Lady Iva Bowman. The image of that stunning beauty was fixed in the nation's memory. Her marriage to Bowman had been little short of a media coronation.
"Their theory is Bowman and Lady Iva, along with the hunt staff and some eighty followers and club members, were in the middle of one of their smaller commercial runs when Miles was found dead along the route. Lady Iva inherits and I gather from DCI Stokes she had just learned that her husband was bonking the company's lead second horseman, one Sabrina Depp."
"Motive and opportunity,” I commented.
"They're up the wrong branch, Jaggers."
"You disagree, sir?"
"I knew Lady Iva years ago. For all her beauty, she is old school, very refined. I can't see her getting down into the muck and beating a grown man to death with what appears to have been a horseshoe, regardless of the provocation. In fact, I rather suspect Miles Bowman's horse."
"An amdroid?"
"Yes. The horse isn't running on a human imprint, though. It appears a year ago a favorite jumper of Bowman's was near death from an injury and Bowman spent a not inconsiderable fortune to have the mount's engrams copied and imprinted on an equestrian meat suit drawn from the mount's own DNA."

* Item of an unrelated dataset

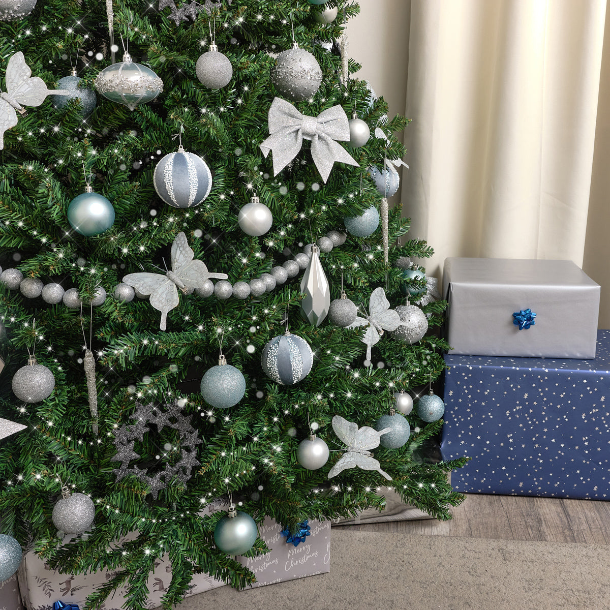 This Set Of 8 Mixed Silver Glitter Baubles are a beautiful, vintage inspired set of hanging baubles, perfect for lovers of glittery finishes and silver home accessories. Made of resin and glitter, these baubles are available as a set of three and come with a round shape and an ornate matte design. Each baubles is completed with a silver glitter and matte finish.

"That which Miles rides shall never die,” I dogmatized.
"Quite. I suspect Bowman's nag determined one lifetime under Miles Bowman's arse was sufficient."
"In which case, Superintendent, it wouldn't be a murder."
"All of which I imagine Lady Iva would very much like to have established as quickly as is feasible—oh. Swing by Heavitree Tower before you leave for Dartmoor. You have a new partner: DS Guy Shad."
"You're having a laugh, right, Superintendent?
"Not really."
"Guy Shad? Sounds like someone copied the name off an old action vid poster."
"That is his name, Jaggers. Shad is an American."
"Of course he is. Now, we agreed—"
"This isn't a negotiation, DI Jaggers. Shad has been assigned to this enquiry because of his prior association with two of the principals, as well as his familiarity with the artificial being end of the law enforcement spectrum. He'll be waiting at the skydock." That warning edge crept back into the superintendent's voice: "Grasp the nettle, Jaggers. It's up to you to make this work."
"Yes, Superintendent."
A significant pause and then the superintendent decided to lighten the mood. "Jaggers: Knock, knock."
"Ringing off, Superintendent. There appears to be someone at the door."
I quickly hung up the handset as I muttered, “Brilliant,” to no one in particular. After the dreadful experience I had partnered up with the ever-effervescent Ralph Parker, I thought Matheson and I had agreed I always work solo.
Guy Shad. American. He'll want to eat at Wendy McDonald's Kentucky Burger Hut and call me Bud, I mused. I certainly hoped Parker's meat suit was one of a kind. I'd go into retirement before I was made to work with another Parker.